The high debt level has been a huge concern for the analysts who track the company. As Sandipan Pal, an analyst with Motilal Oswal, wrote in a recent report, “DLF’s high debt has been a key concern for investors; however, we believe leverage (which means debt in simple English) of Rs 16,000-17,000 crore would be a sustainable level for the company.”
So here is a company which analysts believe should be cutting down on its debt by around Rs 9,000 crore, and it has been giving out interest-free loans to an individual with zero or very little experience in running a real estate business. DLF needs to tell us in some detail the “business” reasoning behind this decision.
Another interesting point that comes out while going through the annual report of the company is that it has 65 non-current investments. The annual report of DLF points out that “Investments are classified as non-current or current based on management’s intention at the time of purchase. Investments that are readily realisable and intended to be held for not more than a year are classified as current investments. All other investments are classified as non-current investments.”

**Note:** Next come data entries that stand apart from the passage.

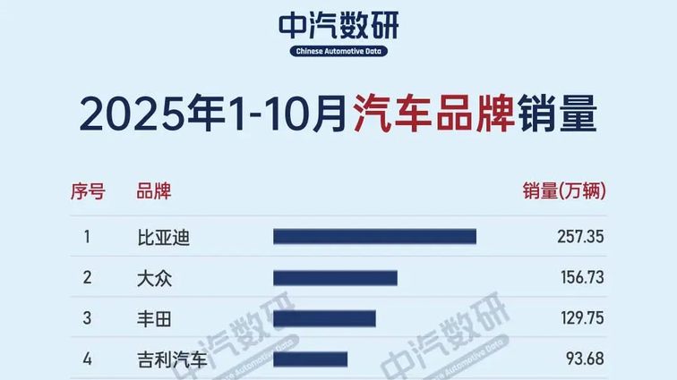 雖然,現在有很多關于比亞迪走勢的討論,但具體來看,2025年以品牌進行統計的汽車銷量冠軍,繼續握在比亞迪手中。
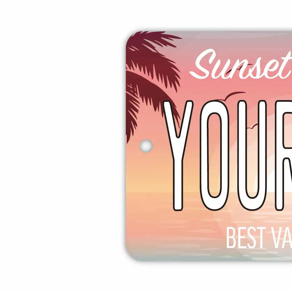 [Mirror Tag] Palm Tree / Ocean Sunset / Original American License Plate Type Air Freshener
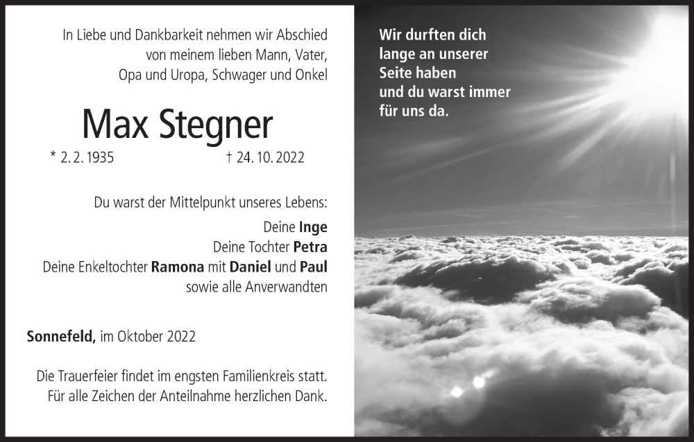 Hier finden Sie alle Traueranzeigen aus der Zeitung, die bisher für MAx Stegner erschienen sind. Weitere Traueranzeigen, die in der Zeitung erscheinen, werden hier ebenfalls aufgelistet
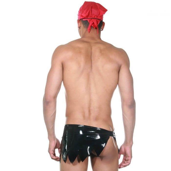 Мужской костюм пирата, состоящий из черной набедренной повязки, красной банданы и черного окклюдера - повязки на глаза. В комплекте: набедренная повязка, бандана, повязка на глаз.
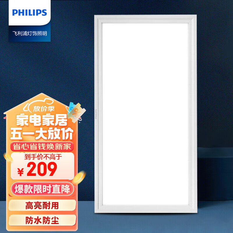 飞利浦集成吊顶平板灯超薄厨房卫生间面板灯 升级款24W 6500K 300*600价格:209.00元!
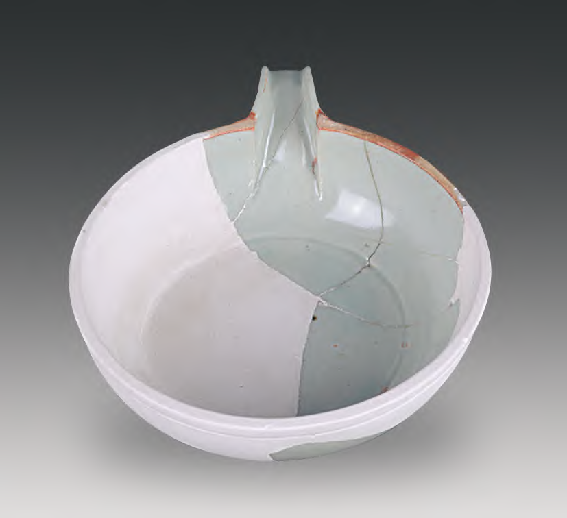 青白釉匜1件(T3H5∶301)。芒口,局部略有凹凸,似为垫烧物不平所致,浅弧壁,涩底较平。器壁高度三分之二处开梯形小口,镶接梯形短槽流,短流上沿与器壁连接处高度与芒口一致, 但此处涩胎痕迹超出芒口圆弧之外,短流向外斜出后渐升高回落呈弧形,其最高点超出芒口高度,短流下沿与内壁连接处稍有转折,短流下端以泥条卷曲一圈作卷云状空心小系。口沿下饰一周凹弦纹,足部线条自然,足、底无修坯痕迹, 内壁非水平方向加工痕迹明显。内外均施青白釉,短流口上下均有积釉现象,外壁两侧积釉较多,底部沾有少量釉料。口径 15厘米、底径 10.3厘米、高 4.7厘米(图四~六)。
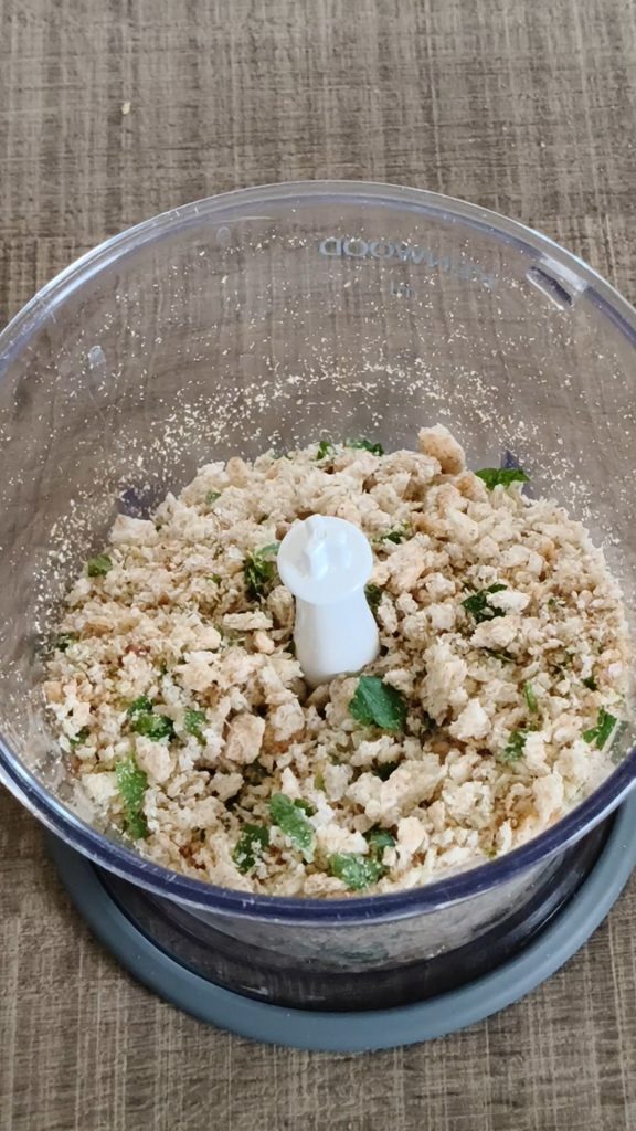 No copo do processador de alimentos, coloque as fatias de pão seco ou pão de forma (sempre seco), o alho em pó ou fresco e um ramo de salsinha.
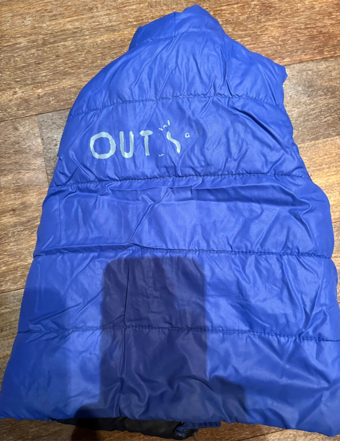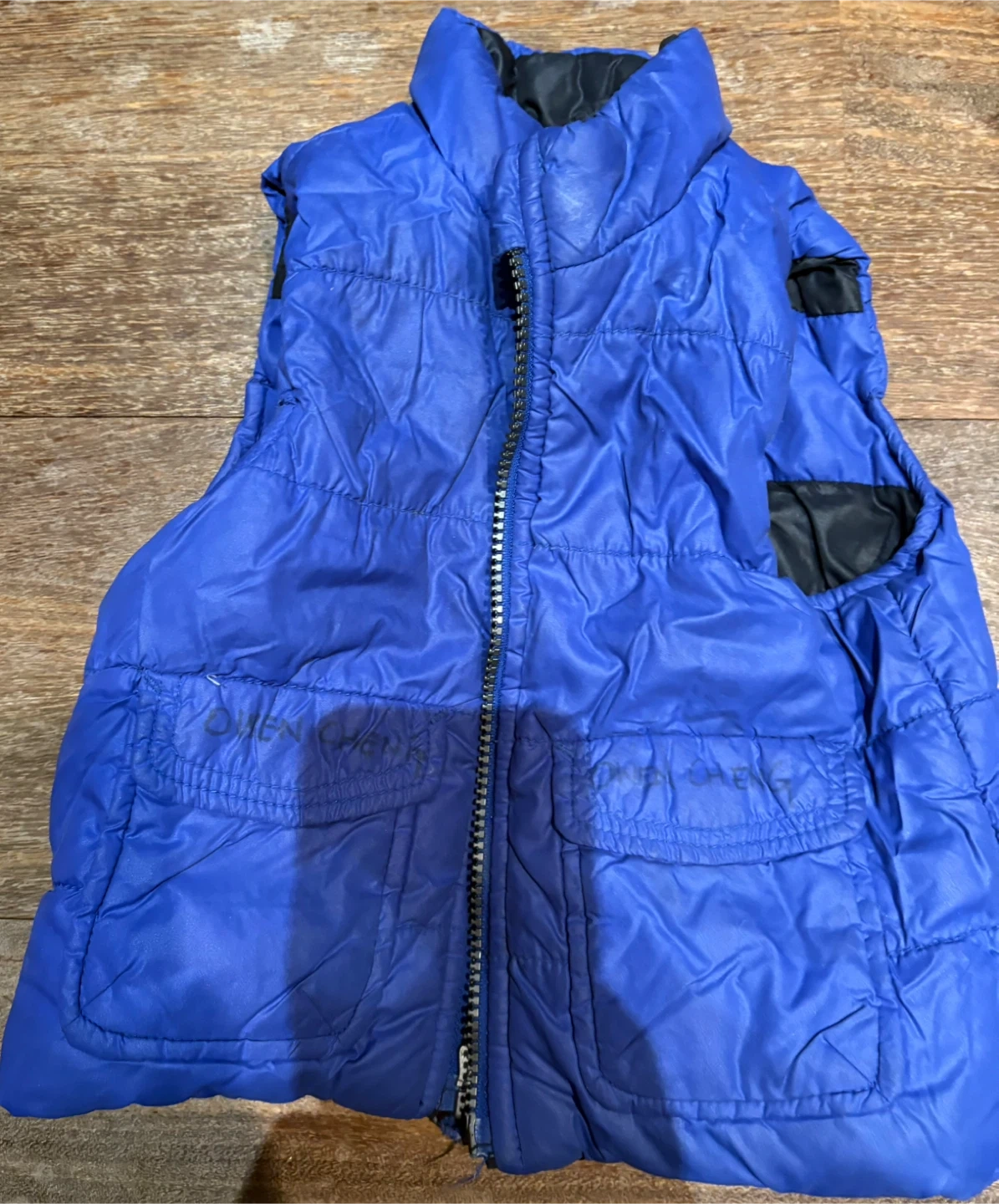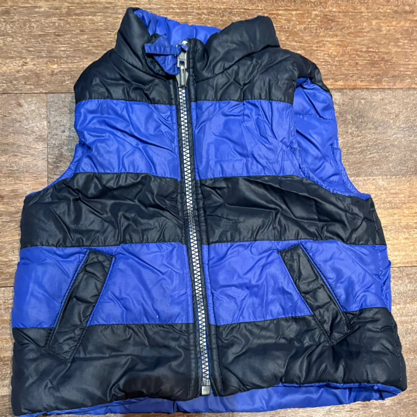 Cozy puffer vest with blue and black stripes. It's got a full zip front and two front pockets. Good for layering on cooler days!

Of the 65 non-current investments only two are joint ventures. One of these joint ventures is with Skylight Hospitality Private Limited, a company owned by Robert Vadra and his mother Maureen. Skylight owns a 50 percent stake in Saket Courtyard Hospitality Private Limited, which runs the Hilton Garden Inn Hotel in Saket, New Delhi. This is the only operational hotel of the company.
When it comes to making non-current investments, joint ventures are not a favoured form of investing with DLF, given that only two out of its 65 non-current investment are joint ventures.
The venture with Skylight is very small by DLF standards. In the annual report of the company the book value of the joint venture is put at just Rs 5.6 crore. Also why would a company as big as DLF enter into a joint venture for a four-star hotel with an individual who has absolutely no or very little prior experience in running a hotel? This is something that needs to be answered.
A recent report in Daily News and Analysis seems to suggest that the hotel run by this joint venture is on the block. (You can read the story here).
The entire Congress party has come to the rescue of Robert Vadra and tried to project the deals between Vadra and DLF as normal business transactions. One senior leader even went to the extent of saying “doesn’t Vadra have a right to occupation?” Yes, Vadra has the right to an occupation and so does DLF. But there are too many unanswered questions here that need to be answered.